------ Data block

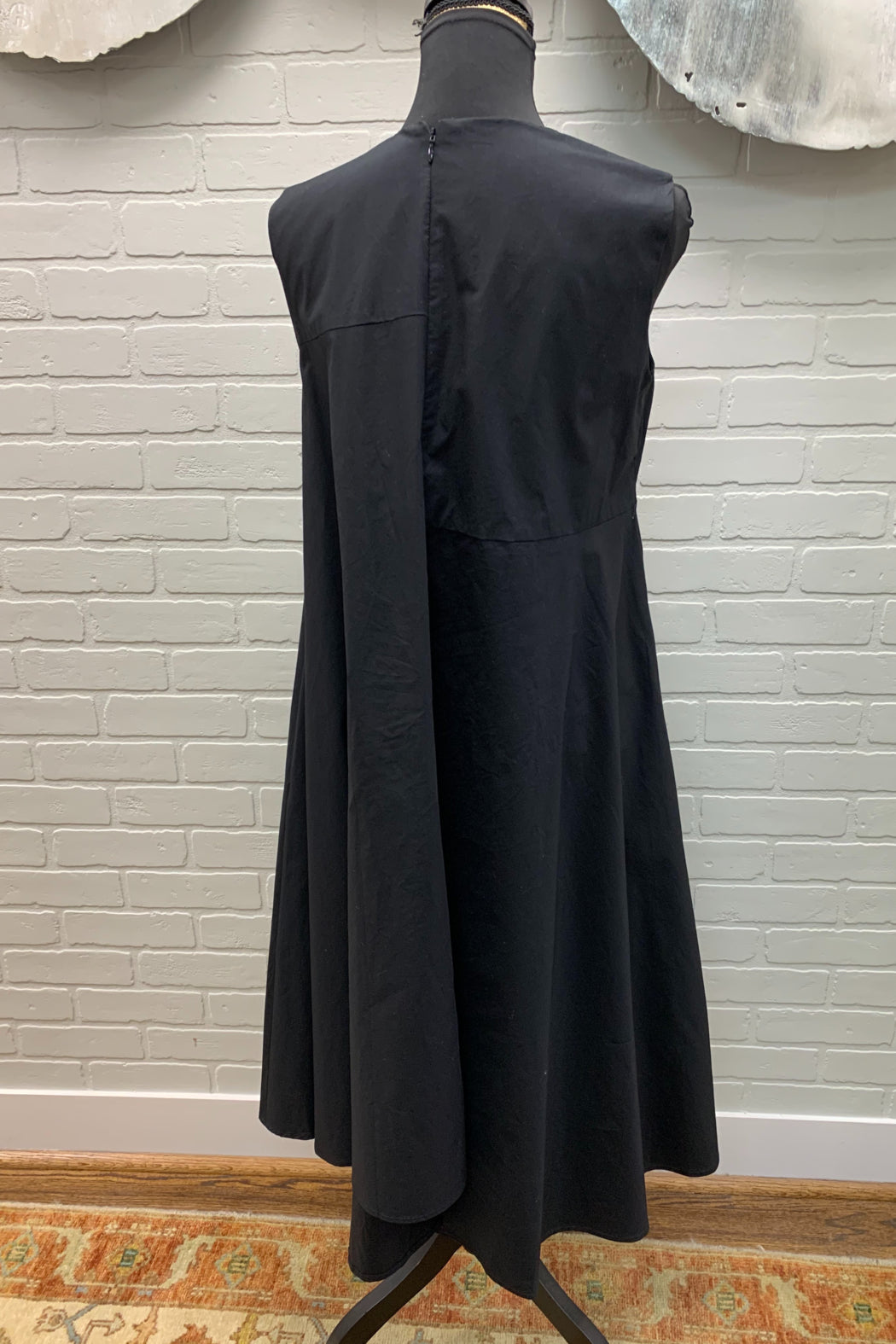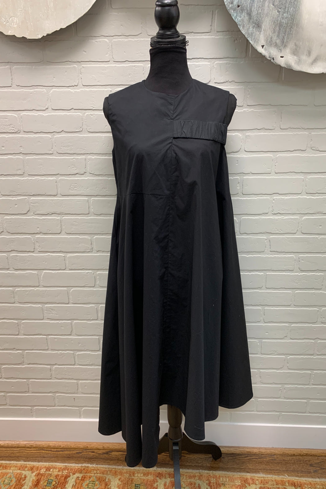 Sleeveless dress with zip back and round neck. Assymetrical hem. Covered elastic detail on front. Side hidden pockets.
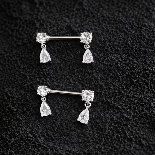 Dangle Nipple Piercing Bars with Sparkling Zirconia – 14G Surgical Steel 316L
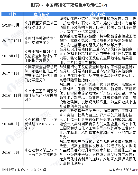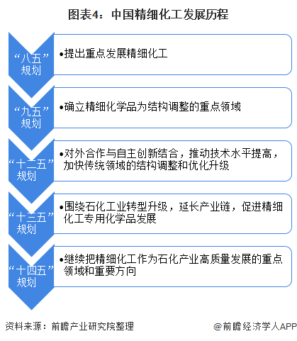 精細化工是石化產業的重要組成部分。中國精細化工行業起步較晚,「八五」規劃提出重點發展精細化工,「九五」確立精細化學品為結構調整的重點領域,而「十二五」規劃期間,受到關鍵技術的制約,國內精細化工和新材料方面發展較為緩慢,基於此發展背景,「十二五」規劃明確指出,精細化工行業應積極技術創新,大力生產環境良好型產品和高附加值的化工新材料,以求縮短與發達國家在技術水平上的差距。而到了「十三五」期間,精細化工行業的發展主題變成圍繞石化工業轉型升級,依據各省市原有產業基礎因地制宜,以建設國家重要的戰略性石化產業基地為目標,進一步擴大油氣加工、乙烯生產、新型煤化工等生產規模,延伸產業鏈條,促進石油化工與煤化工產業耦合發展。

------------

* What is expected: Copy the listing exactly. Any image in it stays out of the copy.

* Solution for this task:
 Sleeveless dress with zip back and round neck. Assymetrical hem. Covered elastic detail on front. Side hidden pockets.
 Dangle Nipple Piercing Bars with Sparkling Zirconia – 14G Surgical Steel 316L
 精細化工是石化產業的重要組成部分。中國精細化工行業起步較晚,「八五」規劃提出重點發展精細化工,「九五」確立精細化學品為結構調整的重點領域,而「十二五」規劃期間,受到關鍵技術的制約,國內精細化工和新材料方面發展較為緩慢,基於此發展背景,「十二五」規劃明確指出,精細化工行業應積極技術創新,大力生產環境良好型產品和高附加值的化工新材料,以求縮短與發達國家在技術水平上的差距。而到了「十三五」期間,精細化工行業的發展主題變成圍繞石化工業轉型升級,依據各省市原有產業基礎因地制宜,以建設國家重要的戰略性石化產業基地為目標,進一步擴大油氣加工、乙烯生產、新型煤化工等生產規模,延伸產業鏈條,促進石油化工與煤化工產業耦合發展。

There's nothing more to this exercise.